ALL is the most common childhood malignancy.1
With current chemotherapy regimens, prolonged survival is anticipated in approximately 80% of patients.3
However, treatment of ALL has a number of long-term sequels including obesity, the metabolic syndrome, secondary malignancies, cardiotoxicity, growth and puberty disorders, and educational and psychological dysfunction. Our results indicate an increased frequency of metabolic syndrome in long-term survivors of childhood ALL. Obesity was observed in one forth of children and adolescents previously treated for ALL. Nearly 3/4 of obese patients had metabolic syndrome. The metabolic syndrome was present very early after completion of ALL therapy.

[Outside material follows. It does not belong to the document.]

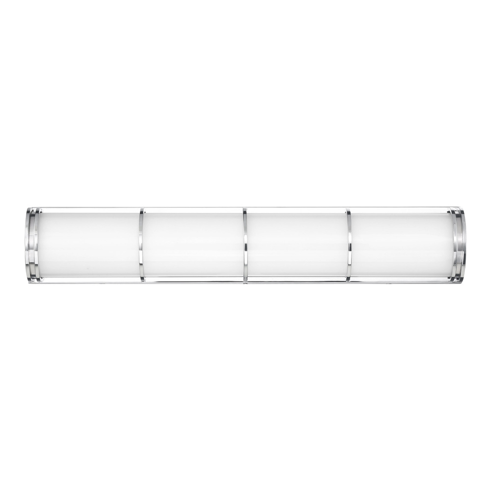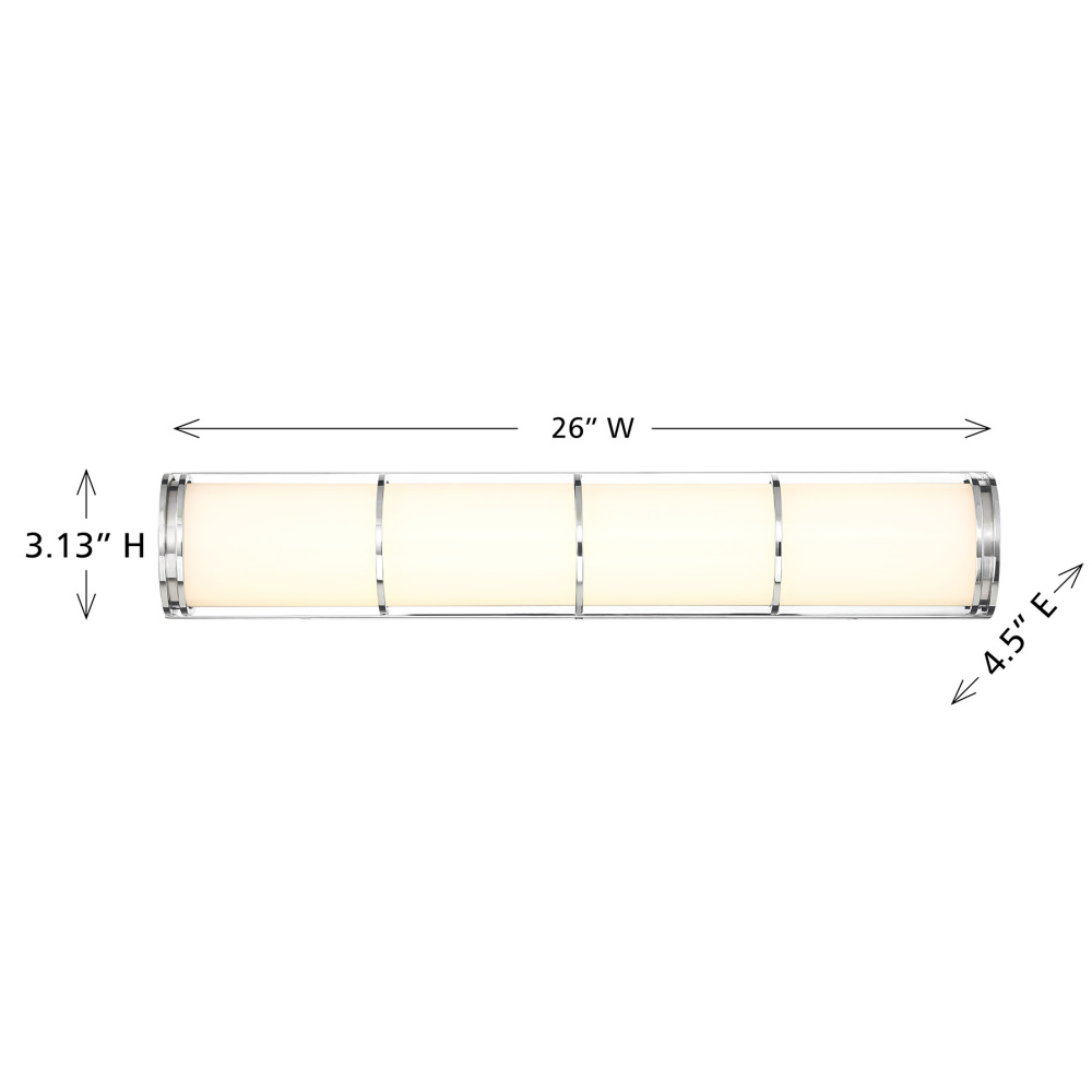 This Savoy House Harper LED wall light has a super sleek and chic look that makes it an ideal solution for bathroom vanities, hallways, foyers or any other space that needs a big dose of bright, contemporary illumination. The etched white glass shade is accentuated by slim detailing that is finished in Chrome, creating a perfect pairing. Harper is 3.13" in height, 26" in width and extends 4.5" from the wall. It is illuminated by integrated LED light, giving off 2550 lumens at a CRI of 90 and a color temperature of 3000K.

The prevalence of both the metabolic syndrome and its components may influence by differences in genetic background, dietary habits, levels of physical activity, population age and sex structure and levels of over and under-nutrition.16
In the developing countries, the overall prevalence of the metabolic syndrome in healthy children and adolescents based on modified ATP III criteria ranges between 2.2-14.1%.17–20
The prevalence of metabolic syndrome was higher in overweight and obese children in this study as was reported by Goodman and crutz.12,21
In Kourti et al study the metabolic syndrome prevalence in young ALL survivors was 5.76%.22
This rate is much lower than the overall metabolic syndrome prevalence of Trimis et al16
patients (11%). However, Trimis et al found that this rate was higher in patients who received combination of chemotherapy and cranial irradiation (22%) versus chemotherapy alone (8%).6
In contrast, in our study the overall prevalence of metabolic syndrome was found quite high (20%). Whether differences in genetic predisposition or mode of treatment can explain this needs further investigation. Likewise, in our study the prevalence of metabolic syndrome was higher in patients who received combination of chemotherapy and cranial irradiation versus chemotherapy alone.

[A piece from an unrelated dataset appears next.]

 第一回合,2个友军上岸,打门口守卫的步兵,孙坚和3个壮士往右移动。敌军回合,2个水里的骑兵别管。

Obesity is a well known adverse consequence of ALL and an unusually high proportion of survivors are overweight and obese.6,22
Children treated for ALL gain weight from the time of diagnosis and it continues well beyond the end of treatment.23
A number of risk factors predisposed the patients to excess weight gain, including a low BMI standard deviation score at diagnosis, younger age at diagnosis, gender, cranial radiotherapy and reduced total energy expenditure secondary to reduced habitual physical activity.22–24
Our results are in accordance with other studies that documented an increased prevalence of obesity in the initial years of follow-up among survivors of child-hood ALL.

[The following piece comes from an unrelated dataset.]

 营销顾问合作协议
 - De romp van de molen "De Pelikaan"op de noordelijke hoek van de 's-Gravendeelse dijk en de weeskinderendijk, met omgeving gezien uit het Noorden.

It was shown that GH deficiency was strongly associated with cranial radiation treatment in young ALL survivors who presented with an abnormal pattern of serum lipids and obesity.6,25
Abnormally low GH was also associated with higher fasting insulin, and higher HOMA index.26
In our study, nearly one forth of children who received cranial radiotherapy developed metabolic syndrome. One of the limitations of this study is the lack of control group. In addition, we did not measure the GH level.
In Talvensaari study,13
a higher fasting plasma insulin level was seen in survivors of child-hood cancer than compared to a control group. In the present study, fasting plasma insulin level was significantly higher in children with metabolic syndrome than those without. Hyperinsulinemia in the survivors of ALL may be partly due to obesity and partially secondary to hepatotoxic effect of chemotherapy. Synthesis of insulin-like growth factor binding protein-1(IGFBP-1) and sex hormone binding globulin (SHBG) in the liver has been shown to be regulated by insulin and hyperinsulinemia is associated with reduced levels of these proteins after chemotherapy.27,28
Obesity is a strong independent risk factor for insulin resistance.13
In our study, insulin resistance was detected in nearly 3/4 of survivors with metabolic syndrome and all of them were obese.
In conclusion, metabolic syndrome in survivors of childhood leukemia in Iran is not uncommon. Nearly all of the obese patients had metabolic syndrome. Early identification of metabolic syndrome among survivors of childhood leukemia can reduce the risk of cardiovascular morbidity and mortality. Weight control and regular physical exercise should be emphasized in their follow-up.